En la misa con movimientos marianos

Plaza San Pedro
Vaticano, 12 octubre 2025

Queridos hermanos y hermanas, la espiritualidad mariana, que alimenta nuestra fe, tiene a Jesús como centro, como bien recuerda San Pablo a su discípulo Timoteo, y a todos nosotros: «Acuérdate de Jesucristo». Esto es lo único que cuenta, y por eso Pablo nos recomienda no perder el centro, no vaciar el nombre de Jesús de su historia.

La espiritualidad mariana, en efecto, está al servicio del evangelio, y revela su sencillez. El afecto por María de Nazaret nos hace, junto con ella, discípulos de Jesús, nos educa a volver a él, a meditar y a relacionar los acontecimientos de la vida en los que el Resucitado continúa a visitarnos y llamarnos.

La espiritualidad mariana nos sumerge en la historia sobre la que se abrió el cielo. Nos ayuda a ver a los soberbios dispersos en los pensamientos de su corazón, a los poderosos derribados de sus tronos, a los ricos despedidos con las manos vacías. Nos compromete a colmar de bienes a los hambrientos, a enaltecer a los humildes, a recordar la misericordia de Dios y a confiar en el poder de su brazo (Lc 1,51-54). Su Reino, en efecto, viene y nos involucra, precisamente como a María, a quien pidió el pronunciado una vez, y luego renovado día tras día.

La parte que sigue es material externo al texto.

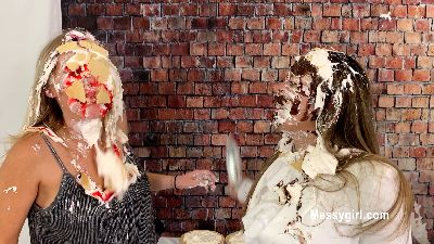 Zoey and MewMew get into an all out pie fight while waiting in the dessert line. Both girls don't hold back with the pie hits.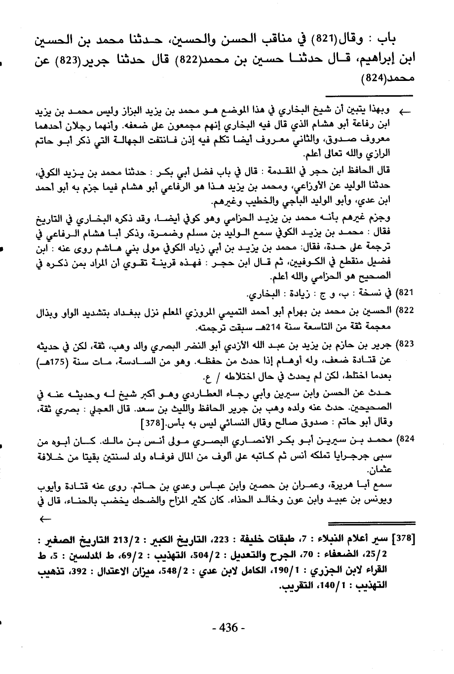 بَاب وَقَالَ فِي مَنَاقِب الْحسن وَالْحُسَيْن حَدثنَا مُحَمَّد بن الْحُسَيْن ابْن إِبْرَاهِيم قَالَ حَدثنَا حُسَيْن بن مُحَمَّد قَالَ حَدثنَا جرير عَن مُحَمَّد

Existen formas de culto que no nos unen a los demás, nos anestesian el corazón, no nos hacen vivir verdaderos encuentros con aquellos que Dios pone en nuestro camino, y no nos hacen participar con María en el cambio del mundo y en la alegría del Magnificat. Cuidémonos de toda instrumentalización de la fe, que corre el riesgo de transformar a los diferentes en enemigos que hay que evitar y rechazar.

El camino de María va tras el de Jesús, y el de Jesús es hacia cada ser humano, especialmente hacia los pobres, los heridos, los pecadores. Por eso, la auténtica espiritualidad mariana hace actual en la Iglesia la ternura de Dios, su maternidad. Como leemos en la exhortación apostólica Evangelii Gaudium, «cada vez que miramos a María volvemos a creer en lo revolucionario de la ternura y del cariño».

En efecto, «en María vemos que la humildad y la ternura no son virtudes de los débiles sino de los fuertes, que no necesitan maltratar a otros para sentirse importantes. Mirándola descubrimos que la misma que alababa a Dios, porque derribó de su trono a los poderosos y despidió vacíos a los ricos, es la que pone calidez de hogar en nuestra búsqueda de justicia» (Francisco I, Evangelii Gaudium, 288).

Queridos hermanos, en este mundo que busca la justicia y la paz, mantengamos viva la espiritualidad cristiana, la devoción popular por aquellos hechos y lugares que, bendecidos por Dios, han cambiado para siempre la faz de la tierra. Hagamos de ella un motor de renovación y transformación, tiempo de conversión y restitución, de replanteamiento y liberación. Que María Santísima, nuestra esperanza, interceda por nosotros y nos oriente siempre hacia Jesús, el Señor crucificado. En él está la salvación para todos.